Does Your Schedule Support Production Goals?

I might be addicted to problem solving. There is a high in finding a simple way to break down a problem and expose possible solutions. Here is an interesting case study and the solution we developed. Names and numbers are fictitious.

Problem: We are not meeting our production goals.

Doctor Z: This is so frustrating Darla. I feel like we are doing all of the right things. We establish what I feel are achievable goals for our practice. We educate our staff. There are perks and bonuses associated with reaching the target. Emails are sent out every day letting everyone know our progress.

Darla: Those are all important points. Sounds like you have put a lot of thought into this. Maybe we need go deeper to find the cause. Let’s start with some basic math. What is your average revenue per complete exam?

Doctor Z: We’d like to increase it, but historically we are at $220. These insurance carriers are killing us.

Darla: I hear that every day, but let’s hold off on the insurance discussion. I would like to define which of your appointment types correlate to complete exams. For our purpose we are defining these as appointment types that result in an exam code (92002, 92012, 92004, 92014, 99204, 99214, S codes for well vision).

Doctor Z: Here is our list, now what?

Darla: I want to run your appointment statistic report to see how many of these types of appointments were scheduled.

Doctor Z: I’m surprised as I look at this list. We only had 100 appointments last month. Wow! Look at the no shows! I feel like I am working a lot harder than this.

Darla: What was the monthly goal?

Doctor Z: The goal was $34,000.

Darla: In order to produce $34,000 with your current revenue per exam you’ll need 155 kept exam appointments. That is only one piece of our puzzle. We need to review your appointment templates to see how many complete exam appointments were available.  Well, this is interesting. Your templates show available options of 130, which is significantly higher than the 100 you examined.

Doctor Z: It looks like I didn’t even give my staff a chance. There was no way to hit that goal.

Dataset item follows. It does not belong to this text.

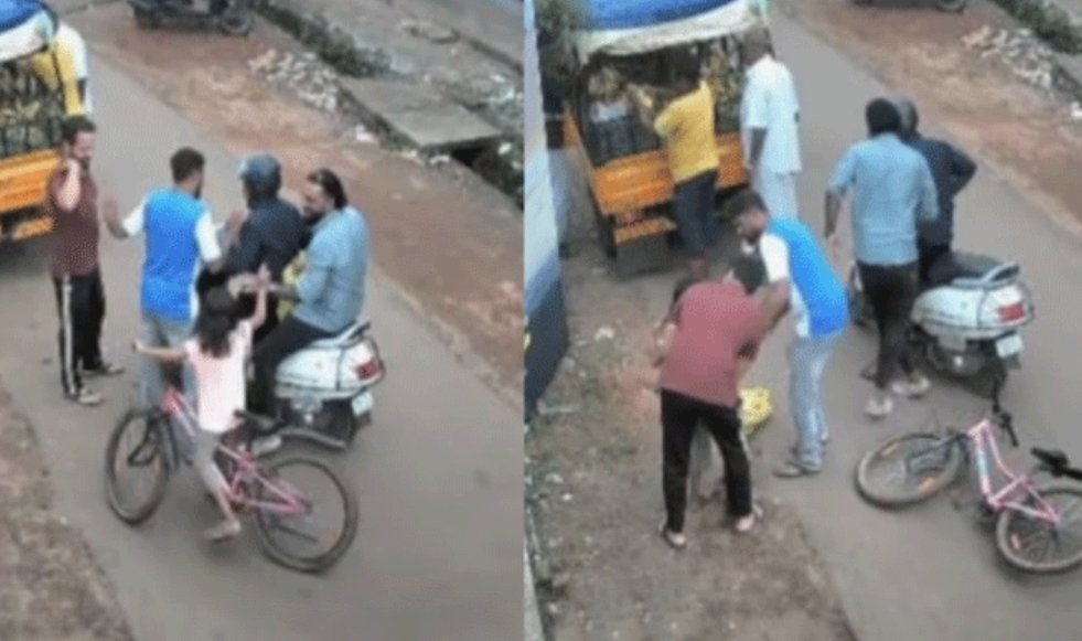 റോഡ് സൈഡിൽ നിർത്തിയ പച്ചക്കറി വണ്ടിയിൽ നിന്ന് സാധനങ്ങൾ വാങ്ങി പരസ്പരം സംസാരിച്ച് നിൽക്കുകയായിരുന്നു യുവാക്കൾ. ഇതേസമയം റോഡിന്റെ മറുവശത്ത് ചെറിയ സൈക്കിളുമായി നിൽക്കുന്ന പെൺകുട്ടി എന്തോ വായിൽ ഇടുന്നതും സിസിടിവി ദൃശ്യങ്ങളിൽ വ്യക്തമാണ്. എന്നാൽ അൽപനേരത്തിനുള്ളിൽ ബുദ്ധിമുട്ട് തോന്നിയ പെൺകുട്ടി യുവാക്കളുടെ അടുത്തേക്ക് സൈക്കിളിൽ സഹായം തേടി വരികയായിരുന്നു.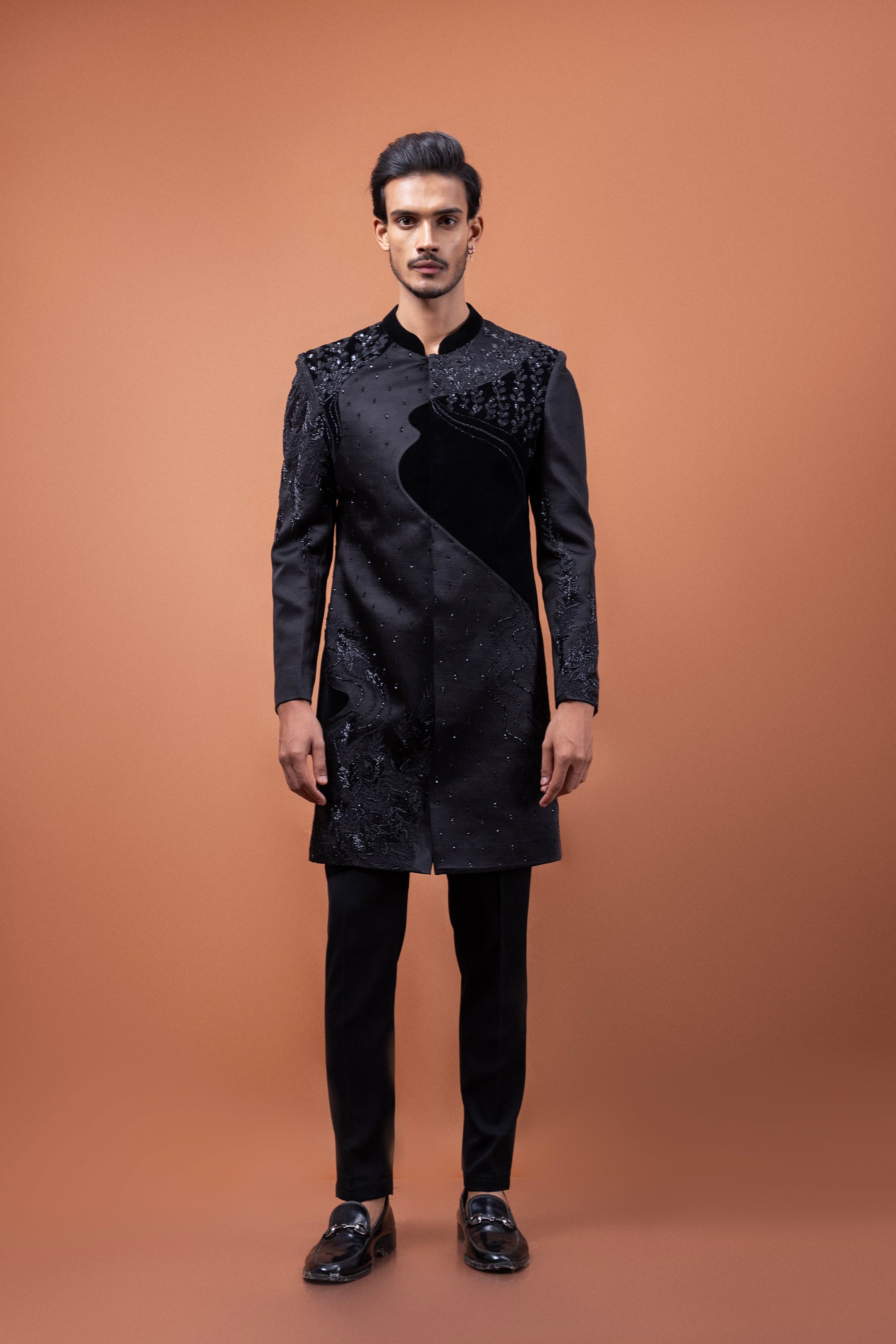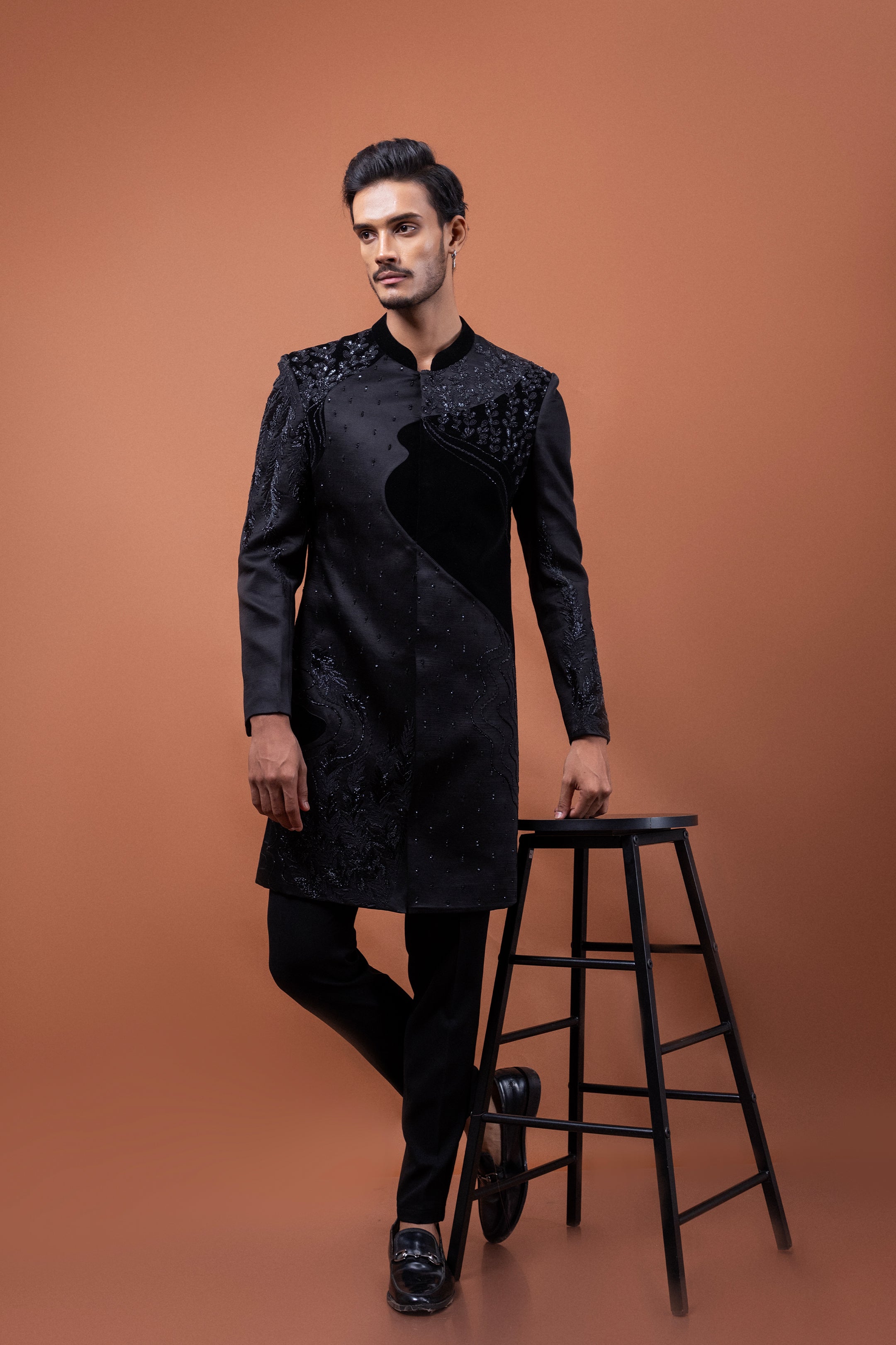 Intricate leaf motif embroidery delicately graces the silhouette, hand-worked in traditional techniques of kathdana, dabka, and kora, creating a luxe interplay of shimmer and shadow. Each element of embroidery is meticulously placed, echoing the elegance of nature in a regal black canvas.

Darla: It appears that way. Were you on vacation last month? I see some days missing?

Doctor Z: I did take a few days off and I didn’t think about the impact of that. 

Here are the steps we took:

  1. Reviewed the templates and made sure we were maximizing the number of revenue spots and limiting checks where possible.
  2. Added additional appointments to each day to compensate for the high no show rate.
  3. Educated the staff about booking patients who were check type appointments in exam slots. Added some additional controls to prevent this as well.
  4. Reviewed the appointment confirmation procedures and made changes to minimize no shows.
  5. Educated staff on the importance of keeping the schedule full. Started a “same day” list for patients who wanted to be seen sooner.
  6. Created a custom report for staff to use daily to track their progress and for management to use at month’s end to measure the effectiveness of the changes. (Click on the link to the left to see more details about this report.)

You’ll be glad to hear this practice is now up 20% over the same month last year. How did that happen? They set achievable daily goals and made the staff aware of the number of complete exams required to hit the goal. They kept the schedule full and they improved their confirmation procedures. It really doesn’t matter if you are booked 3 weeks in the future. What matters is today. The next step is to work on that revenue per complete exam number!